### AIM OF THE EXERCISE:
Please take the records that follow and repeat exactly the lines starting with the line with "Eplényi, Kata and" and going on through the line with "- WinGD:低速DF低速".

### TASK INPUT:

※

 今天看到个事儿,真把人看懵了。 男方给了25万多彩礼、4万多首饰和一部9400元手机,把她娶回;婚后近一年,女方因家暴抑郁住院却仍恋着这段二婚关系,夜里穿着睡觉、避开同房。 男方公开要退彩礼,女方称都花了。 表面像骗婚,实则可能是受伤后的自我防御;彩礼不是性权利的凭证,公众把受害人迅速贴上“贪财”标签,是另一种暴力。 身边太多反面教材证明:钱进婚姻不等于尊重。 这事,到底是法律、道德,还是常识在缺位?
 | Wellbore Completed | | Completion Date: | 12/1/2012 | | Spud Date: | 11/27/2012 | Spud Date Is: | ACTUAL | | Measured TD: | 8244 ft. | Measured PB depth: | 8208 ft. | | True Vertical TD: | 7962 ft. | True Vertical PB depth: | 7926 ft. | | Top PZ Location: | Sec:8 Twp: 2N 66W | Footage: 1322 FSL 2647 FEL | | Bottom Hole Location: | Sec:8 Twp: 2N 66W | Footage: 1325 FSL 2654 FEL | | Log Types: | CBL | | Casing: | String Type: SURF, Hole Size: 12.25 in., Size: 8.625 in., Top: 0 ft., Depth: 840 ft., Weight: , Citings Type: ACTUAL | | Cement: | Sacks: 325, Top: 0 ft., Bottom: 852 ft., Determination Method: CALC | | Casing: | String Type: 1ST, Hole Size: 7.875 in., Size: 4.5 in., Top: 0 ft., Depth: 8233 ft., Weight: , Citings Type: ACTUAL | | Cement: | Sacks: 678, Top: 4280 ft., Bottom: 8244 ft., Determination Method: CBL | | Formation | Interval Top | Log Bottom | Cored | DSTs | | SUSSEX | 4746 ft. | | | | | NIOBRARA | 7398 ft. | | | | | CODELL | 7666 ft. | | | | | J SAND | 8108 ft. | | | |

※

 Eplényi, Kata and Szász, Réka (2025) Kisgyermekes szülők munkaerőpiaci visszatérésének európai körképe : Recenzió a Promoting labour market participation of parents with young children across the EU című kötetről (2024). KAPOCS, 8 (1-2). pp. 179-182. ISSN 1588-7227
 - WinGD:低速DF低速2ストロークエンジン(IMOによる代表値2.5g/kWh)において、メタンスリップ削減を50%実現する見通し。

※

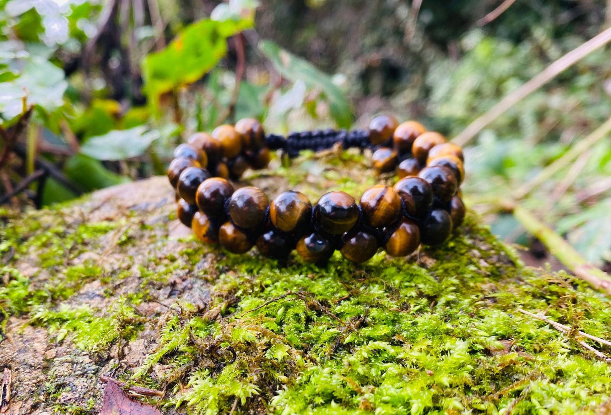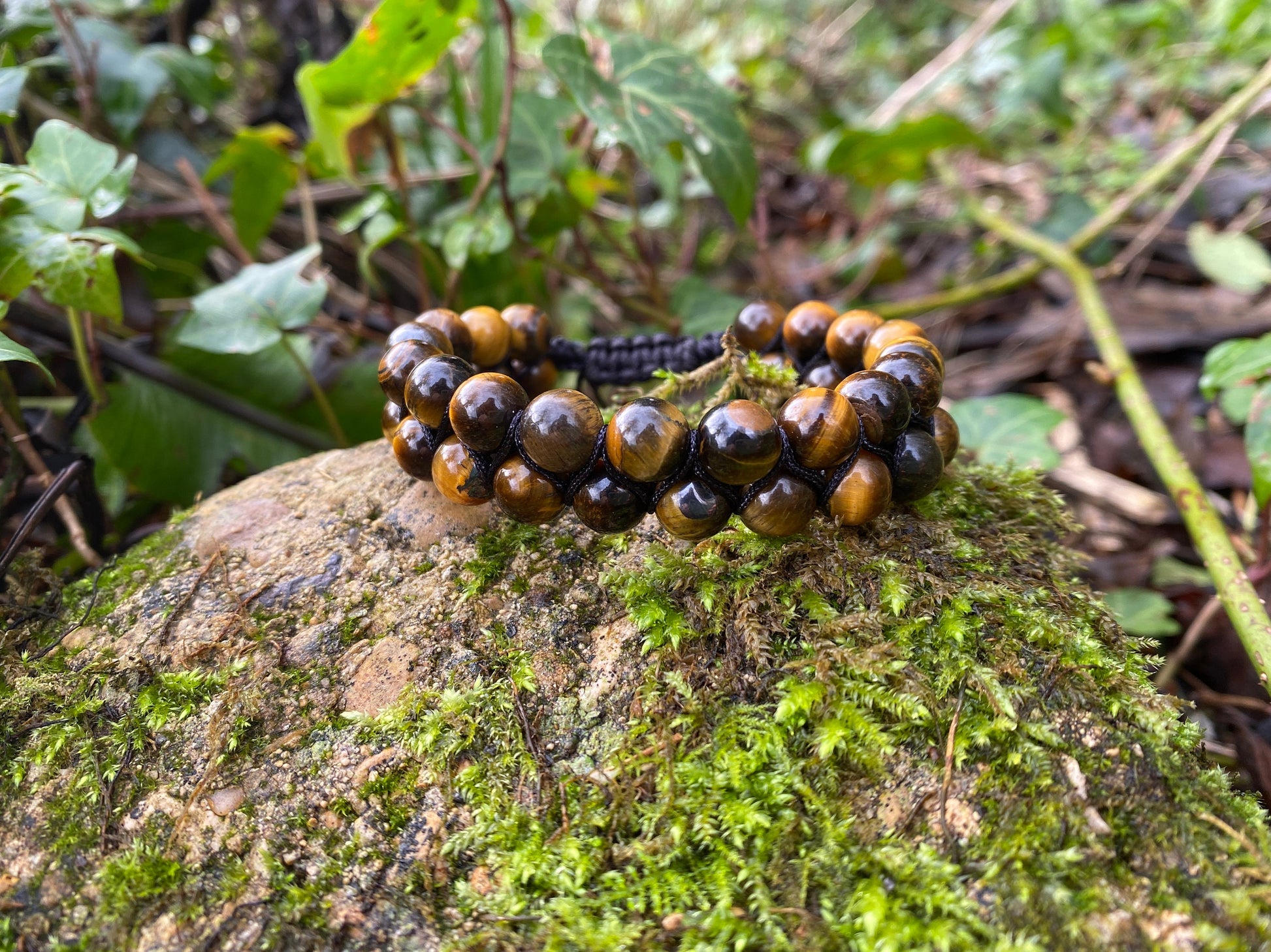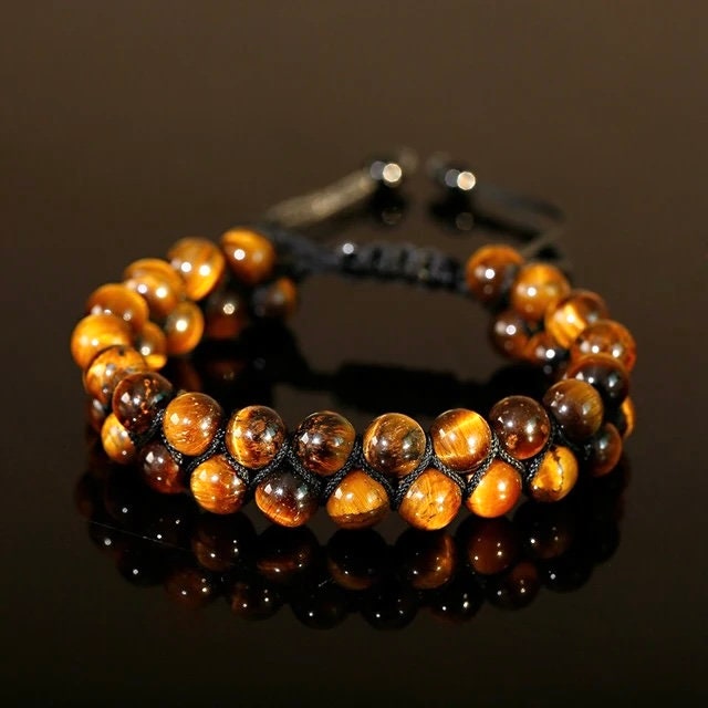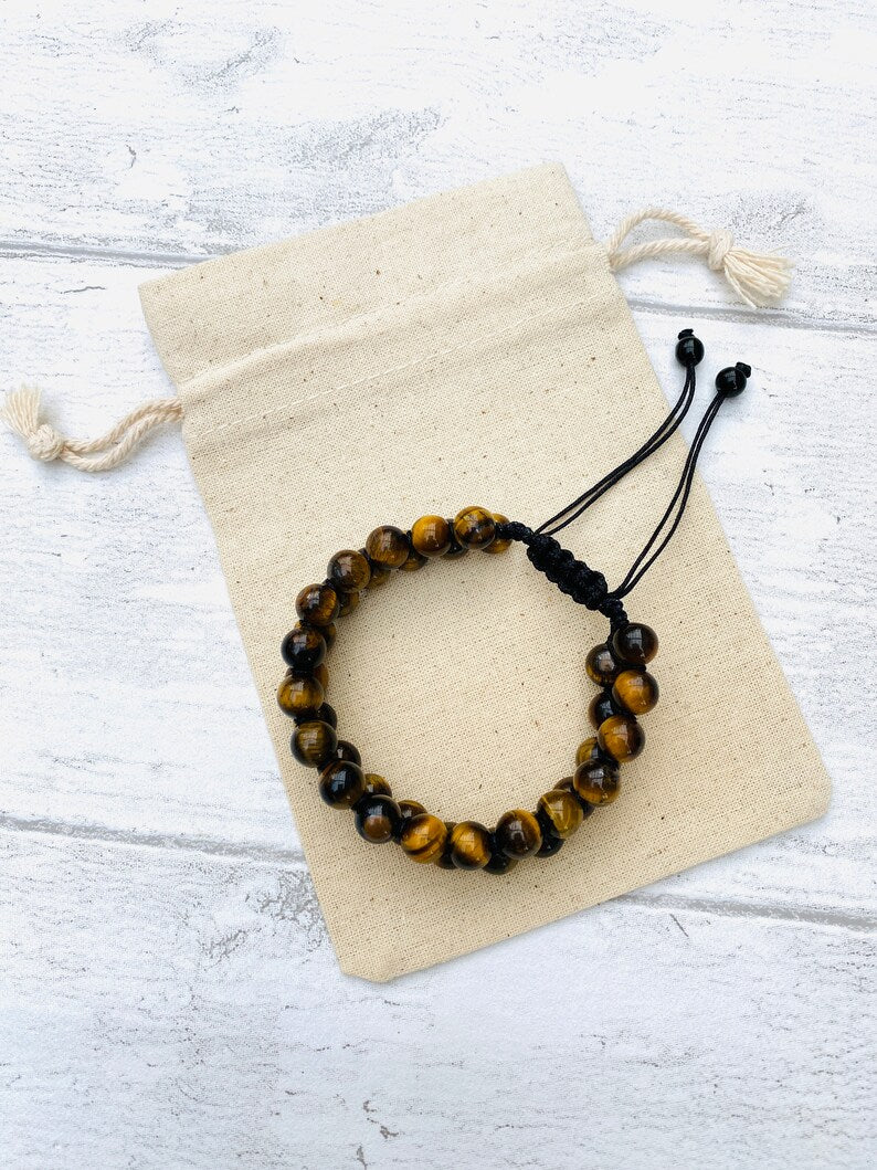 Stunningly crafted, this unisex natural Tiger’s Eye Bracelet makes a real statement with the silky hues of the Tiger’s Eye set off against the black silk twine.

※

### RESULT FOR THIS EXERCISE:
 Eplényi, Kata and Szász, Réka (2025) Kisgyermekes szülők munkaerőpiaci visszatérésének európai körképe : Recenzió a Promoting labour market participation of parents with young children across the EU című kötetről (2024). KAPOCS, 8 (1-2). pp. 179-182. ISSN 1588-7227
 - WinGD:低速DF低速2ストロークエンジン(IMOによる代表値2.5g/kWh)において、メタンスリップ削減を50%実現する見通し。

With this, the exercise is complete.